- _What you should do_: Pictures are to be left out, and only the lines below starting at the one with "政府機構的資助額大多為3年內" and ending at the one with "系统功能很全了,ui也不错功" are to be reproduced, each exactly, both ends included.

- _Input material_:

+++

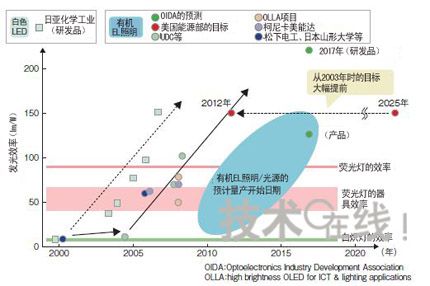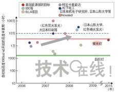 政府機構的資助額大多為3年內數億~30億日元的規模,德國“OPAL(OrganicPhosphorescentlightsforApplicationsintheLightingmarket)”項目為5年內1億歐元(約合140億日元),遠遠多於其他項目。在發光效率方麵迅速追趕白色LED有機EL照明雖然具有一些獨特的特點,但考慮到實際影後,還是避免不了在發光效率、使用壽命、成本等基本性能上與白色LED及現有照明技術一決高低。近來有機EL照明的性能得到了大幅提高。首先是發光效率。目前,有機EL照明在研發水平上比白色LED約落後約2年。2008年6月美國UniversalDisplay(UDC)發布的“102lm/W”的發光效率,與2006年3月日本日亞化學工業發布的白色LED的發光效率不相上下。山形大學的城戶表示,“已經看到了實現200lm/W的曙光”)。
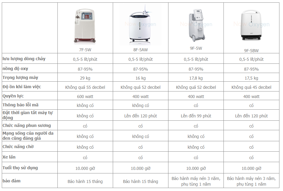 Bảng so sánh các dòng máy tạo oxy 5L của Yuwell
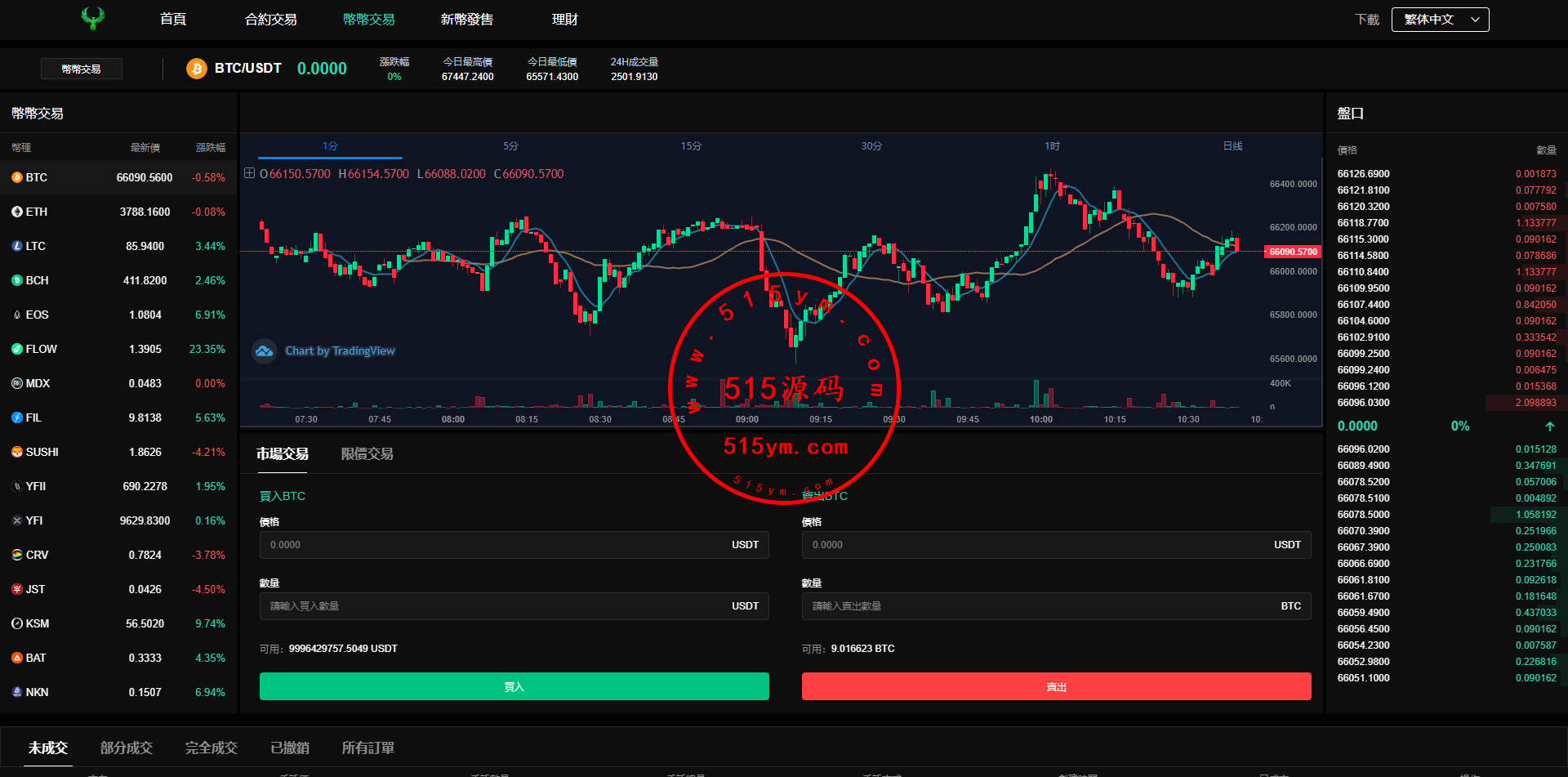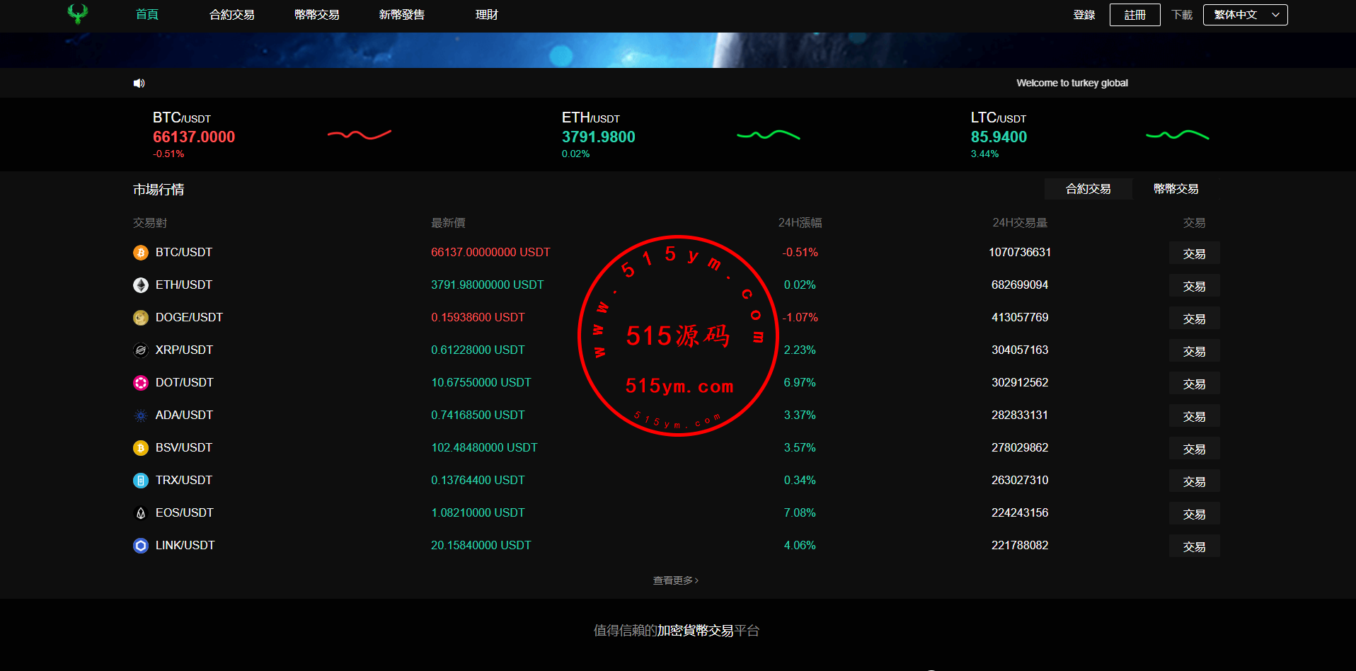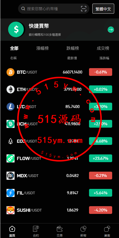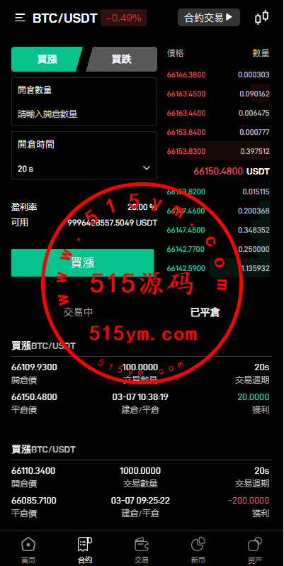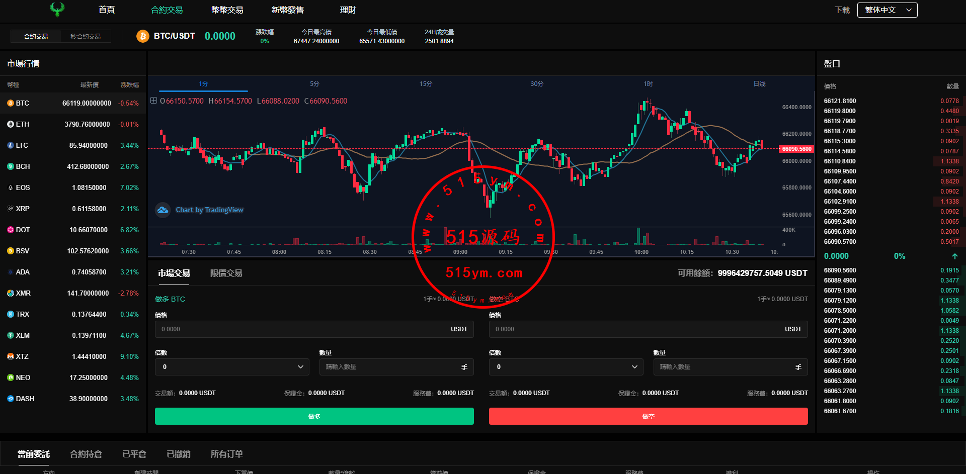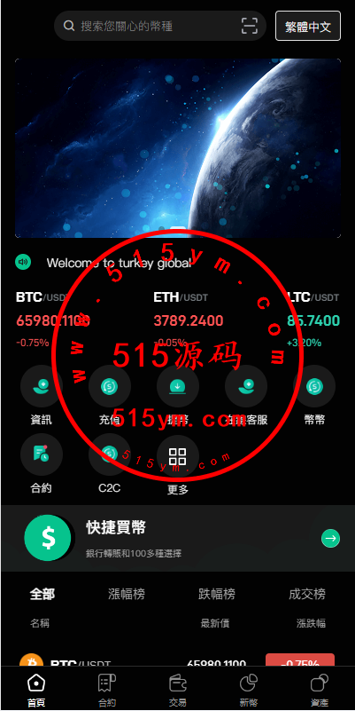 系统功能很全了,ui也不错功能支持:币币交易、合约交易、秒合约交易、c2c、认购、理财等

+++

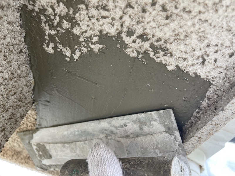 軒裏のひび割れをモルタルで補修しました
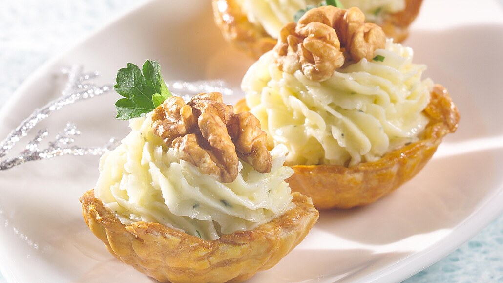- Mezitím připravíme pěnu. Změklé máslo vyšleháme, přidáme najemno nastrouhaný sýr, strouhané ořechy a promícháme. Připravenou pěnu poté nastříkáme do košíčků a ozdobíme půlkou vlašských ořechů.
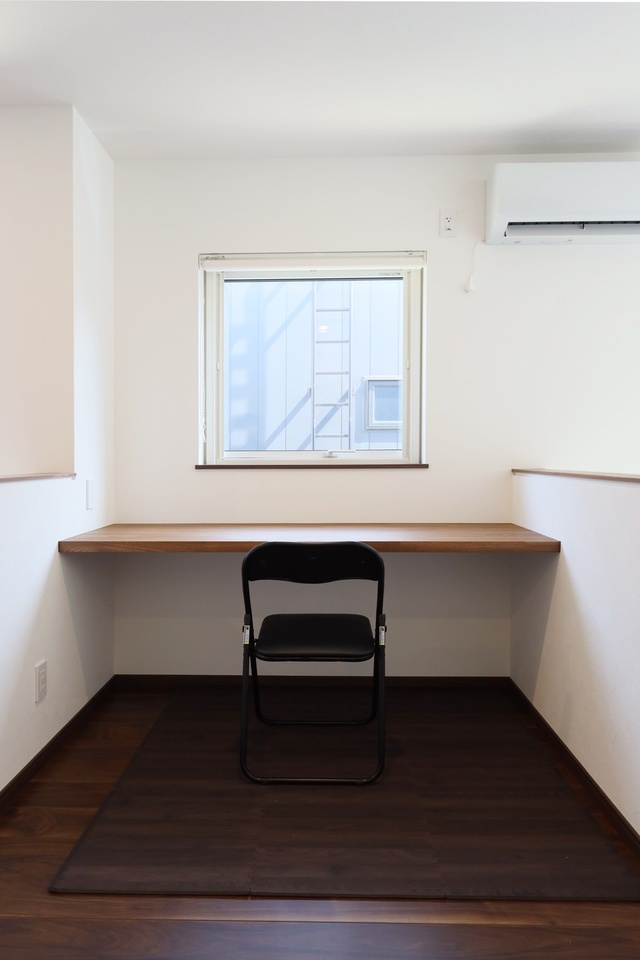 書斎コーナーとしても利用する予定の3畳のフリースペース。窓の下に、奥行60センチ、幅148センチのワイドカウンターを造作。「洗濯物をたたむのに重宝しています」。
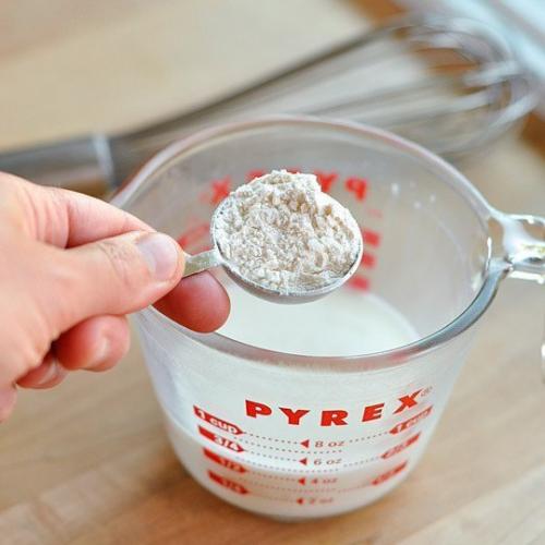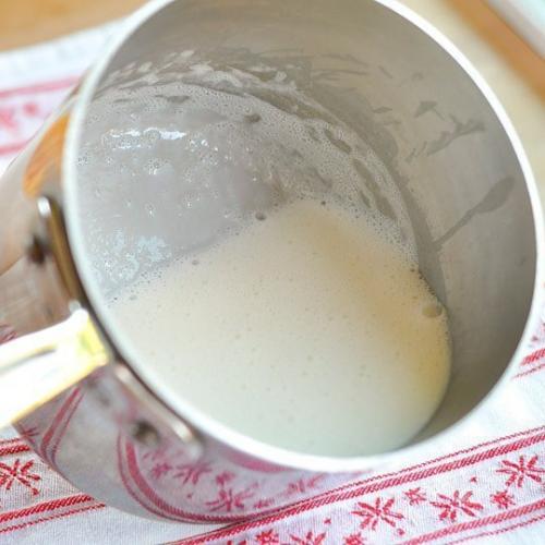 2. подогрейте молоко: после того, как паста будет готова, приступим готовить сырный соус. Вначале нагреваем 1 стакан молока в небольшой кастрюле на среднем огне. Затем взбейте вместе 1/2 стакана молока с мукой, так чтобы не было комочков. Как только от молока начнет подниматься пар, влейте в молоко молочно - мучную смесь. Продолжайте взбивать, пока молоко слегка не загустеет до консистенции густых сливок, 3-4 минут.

+++

- _Response to this task_:
 政府機構的資助額大多為3年內數億~30億日元的規模,德國“OPAL(OrganicPhosphorescentlightsforApplicationsintheLightingmarket)”項目為5年內1億歐元(約合140億日元),遠遠多於其他項目。在發光效率方麵迅速追趕白色LED有機EL照明雖然具有一些獨特的特點,但考慮到實際影後,還是避免不了在發光效率、使用壽命、成本等基本性能上與白色LED及現有照明技術一決高低。近來有機EL照明的性能得到了大幅提高。首先是發光效率。目前,有機EL照明在研發水平上比白色LED約落後約2年。2008年6月美國UniversalDisplay(UDC)發布的“102lm/W”的發光效率,與2006年3月日本日亞化學工業發布的白色LED的發光效率不相上下。山形大學的城戶表示,“已經看到了實現200lm/W的曙光”)。
 Bảng so sánh các dòng máy tạo oxy 5L của Yuwell
 系统功能很全了,ui也不错功能支持:币币交易、合约交易、秒合约交易、c2c、认购、理财等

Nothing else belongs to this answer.